Dentro da noite, defrontamos com aflito coração materno. A entidade,
que nos dirigia a palavra, infundia compaixão pela facies de horrível
sofrimento.
2 — Calderaro! Calderaro!
— Rogou, ansiosa, — ampara minha filha, minha desventurada filha!
— Oh! teria piorado? — Inquiriu o instrutor, evidenciando conhecimento da situação.
— Muito! Muito!… — Gemeram os trementes lábios da mãe aflita; — observo que
enlouqueceu de todo…
— Já perdeu a grande oportunidade?
— Ainda não, — informou a interlocutora, — mas encontra-se à beira de extremo
desastre.
3 Prometeu o orientador correr
à doente em breves minutos, e voltamos à intimidade.
Interessando-me no assunto, o atencioso Assistente sumariou o fato.
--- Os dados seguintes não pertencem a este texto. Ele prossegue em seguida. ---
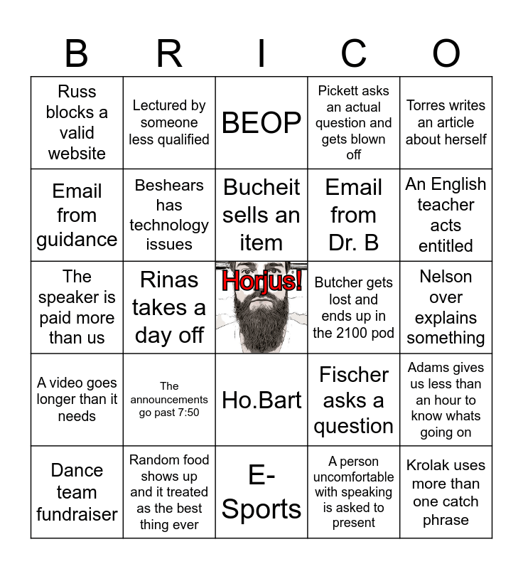 This bingo card has a free space and 36 words: Price gets angry, Johansen is in dress code, Moss is late to meeting, Beshears has technology issues, Fischer asks a question, A video goes longer than it needs, Bucheit sells an item, A teacher uses the PA system, Torres writes an article about herself, Bartsch answers her own question, Rinas takes a day off, Pickett asks an actual question and gets blown off, Leto's alarm goes off, Butcher gets lost and ends up in the 2100 pod, An English teacher acts entitled, Russ blocks a valid website, Admin is out of dresscode, The announcements go past 7:50, Krolak uses more than one catch phrase, BEOP, Nelson over explains something, Adams gives us less than an hour to know whats going on, Random food shows up and it treated as the best thing ever, Dance team fundraiser, E-Sports, Lectured by someone less qualified, The speaker is paid more than us, Dr. B speaks last, Email from Dr. B, Email from guidance, An honor goes to somebody that doesn't teach real classes, AI, A person uncomfortable with speaking is asked to present, Ho.Bart, Jon Mock and Tim Krieg.
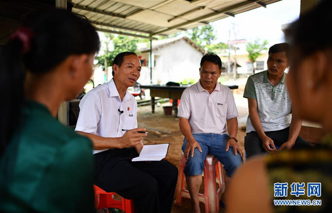 羊風(fēng)極(左)在海南省白沙黎族自治縣打安鎮(zhèn)田表村收集群眾意見(jiàn)和建議
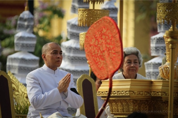 終始、憔悴しきった表情のシハモニ国王。新しい時代が始まったカンボジア。今年は何か良いことがありますように!

— Trata-se de lamentável ocorrência, — explicou-me, bondoso, — na qual
figuram a leviandade e o ódio como elementos perversores. 4
A irmã que se despediu, há momentos, deixou uma filha na Crosta Planetária,
há oito anos. Criada com mimos excessivos, a jovem desenvolveu-se na
ignorância do trabalho e da responsabilidade, não obstante pertencer
a nobilíssimo quadro social. Filha única, entregue desde muito cedo
ao capricho pernicioso, tão logo se achou sem a materna assistência
no Plano carnal, dominou governantes, subornou criadas, burlou a vigilância
paterna e, cercada de facilidades materiais, precipitou-se, aos vinte
anos, nos desvarios da vida mundana. 5
Desprotegida, assim, pelas circunstâncias, não se preparou convenientemente
para enfrentar os problemas do resgate próprio. Sem a proteção espiritual
peculiar à pobreza, sem os abençoados estímulos dos obstáculos materiais,
e tendo, contra as suas necessidades íntimas, a profunda beleza transitória
do rosto, a pobrezinha renasceu, seguida de perto, não por um inimigo
propriamente dito, mas por cúmplice de faltas graves, desde muito desencarnado,
ao qual se vinculara por tremendos laços de ódio, em passado próximo.
6 Foi assim que, abusando
da liberdade, em ociosidade reprovável, adquiriu deveres da maternidade
sem a custódia do casamento. Reconhecendo-se agora nesta situação, aos
vinte e cinco anos, solteira, rica e prestigiada pelo nome da família,
deplora tardiamente os compromissos assumidos e luta, com desespero,
por desfazer-se do filhinho imaturo, o mesmo comparsa do pretérito a
que me referi; esse infeliz, por “acréscimo de misericórdia divina”,
busca destarte aproveitar o erro da ex-companheira para a realização
de algum serviço redentor, com a supervisão dos nossos Maiores.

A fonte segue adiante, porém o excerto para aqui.